Step 4: Plot your data

The last step. No luminescence data analysis without a graphical representation of the results. Below we have chosen the abanico plot (Dietze et al. 2016) to visualise the final \(D_e\) distribution. The prior used function subset ensures that only values are shown, which have successfully been passed the rejection criteria.

df <- subset(results$data, RC.Status == "OK")
plot_AbanicoPlot(df[,1:2], zlab = expression(paste(D[e], " [s]")))

The compact call

Now let’s do all of this in a single, neat call using the |> pipe operator supported in R >= 4.0.0 onwards.

Note: Minor differences in the plot are due to the Monte Carlo runs used for the estimation of the uncertainty.
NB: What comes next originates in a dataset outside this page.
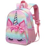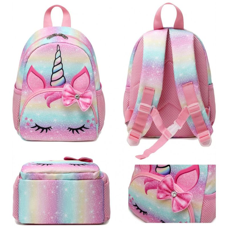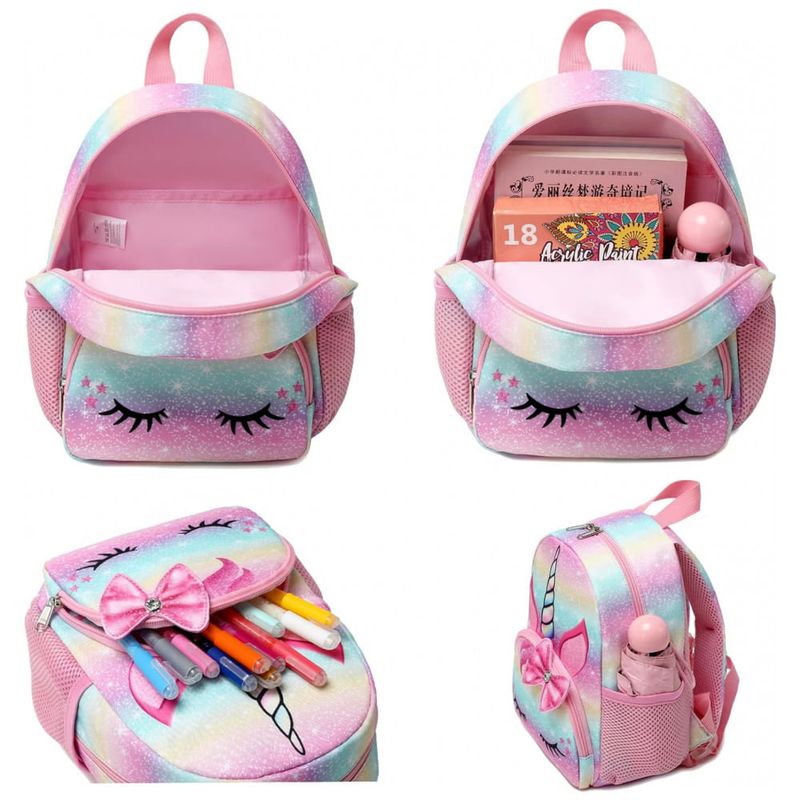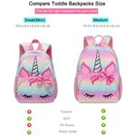 Mochila unicórnio para meninas pequenas a mochila infantil é feita de poliéster durável resistente à água, leve e fácil de limpar, não desbota, inodoro, durável, ecológico e saudável. Isso protegerá seus itens internos da garoa, enquanto não estiver em chuva forte. Ele se encaixa na praia de lazer ao ar livre da escola.

results <- read_BIN2R(file, verbose = FALSE, fastForward = TRUE)[1:20] |>
  analyse_SAR.CWOSL(
    signal.integral.min = 1,
    signal.integral.max = 5,
    background.integral.min = 200,
    background.integral.max = 250,
    fit.method = "EXP",
    rejection.criteria = list(
      recycling.ratio = 10,
      recuperation.rate = 10,
      testdose.error = 10,
      palaeodose.error = 20,
      exceed.max.regpoint = TRUE),
    plot = FALSE,
    verbose = FALSE) |>
  get_RLum(data.object = "data") |>
  subset(RC.Status == "OK") |>
  plot_AbanicoPlot(zlab = expression(paste(D[e], " [s]")))

References

Dietze, Michael, Sebastian Kreutzer, Christoph Burow, Margret C Fuchs, Manfred Fischer, and Christoph Schmidt. 2016. The abanico plot: visualising chronometric data with individual standard errors.” Quaternary Geochronology 31 (February): 12–18.
Fuchs, Margret C, Sebastian Kreutzer, Christoph Burow, Michael Dietze, Manfred Fischer, Christoph Schmidt, and Markus Fuchs. 2015. Data processing in luminescence dating analysis: An exemplary workflow using the R package Luminescence.” Quaternary International 362 (March): 8–13.
Murray, Andrew S, and Ann G Wintle. 2000. Luminescence dating of quartz using an improved single-aliquot regenerative-dose protocol.” Radiation Measurements 32 (1): 57–73.